Preferably, the relative time obtaining unit is specifically configured to:

Preferably, further for:

subtracting the stored time from a base time to obtain an offset time; dividing the relative time by a storage interval to obtain an offset; the offset is multiplied by the data block size and added to the starting memory address to obtain the memory address.

The embodiment of the present invention further provides a data block storage device, which includes a processor, a memory, and a computer program stored in the memory, where the computer program can be executed by the processor to implement the data block storage method.

The embodiment of the present invention further provides a computer-readable storage medium, where the computer-readable storage medium includes a stored computer program, and when the computer program runs, the apparatus where the computer-readable storage medium is located is controlled to execute the data block storage method described above.

In the above embodiment, the storage time and the storage address of the data block are mapped through the storage interval and the data block size to obtain the storage address, and then the target data block is stored in the storage address corresponding to the storage time mapping to complete the storage. Under the condition of not storing time information occupying most space, the storage time point of the data can be known under the operation of reading the data block, most storage space is saved, and the data storage capacity is improved.

Drawings

In order to more clearly illustrate the technical solution of the present invention, the drawings needed to be used in the embodiments will be briefly described below, and it is obvious that the drawings in the following description are only some embodiments of the present invention, and it is obvious for those skilled in the art that other drawings can be obtained according to the drawings without creative efforts.

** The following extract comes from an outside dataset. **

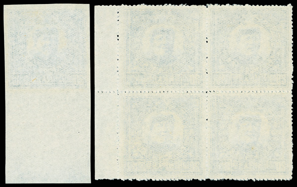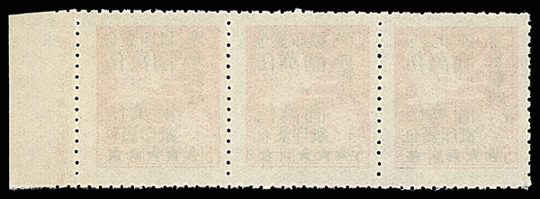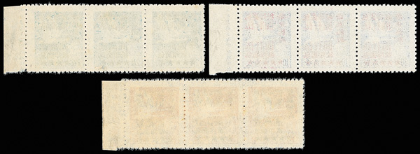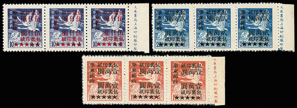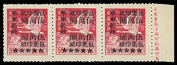 4345 ng imageParcel Post, 1949, "East China Posts" surcharges on Flying Geese, $5,000-$50,000 complete (Yang ECP7-10. Scott 5LQ23-5LQ26), in matched horizontal right margin imprint strips of three, each fresh and sound with bold color and solid perforations, without gum as issued, Very Fine. Scott $840 as singles (HK$ 6,460). (Image1) (Image2) (Image3) (Image4) (All Images)

Fig. 1 is a flowchart illustrating a data block storage method according to a first embodiment of the present invention.

Fig. 2 is a mapping relationship diagram of storage time and storage address provided by the first embodiment of the present invention.

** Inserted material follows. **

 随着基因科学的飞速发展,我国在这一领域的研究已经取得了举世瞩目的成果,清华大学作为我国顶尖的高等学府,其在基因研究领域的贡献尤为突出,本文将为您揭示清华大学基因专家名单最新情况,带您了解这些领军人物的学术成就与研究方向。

Fig. 3 is a schematic structural diagram of a data block storage device according to a second embodiment of the present invention.

Detailed Description

The technical solutions in the embodiments of the present invention will be clearly and completely described below with reference to the drawings in the embodiments of the present invention, and it is obvious that the described embodiments are only a part of the embodiments of the present invention, and not all of the embodiments. All other embodiments, which can be derived by a person skilled in the art from the embodiments given herein without making any creative effort, shall fall within the protection scope of the present invention.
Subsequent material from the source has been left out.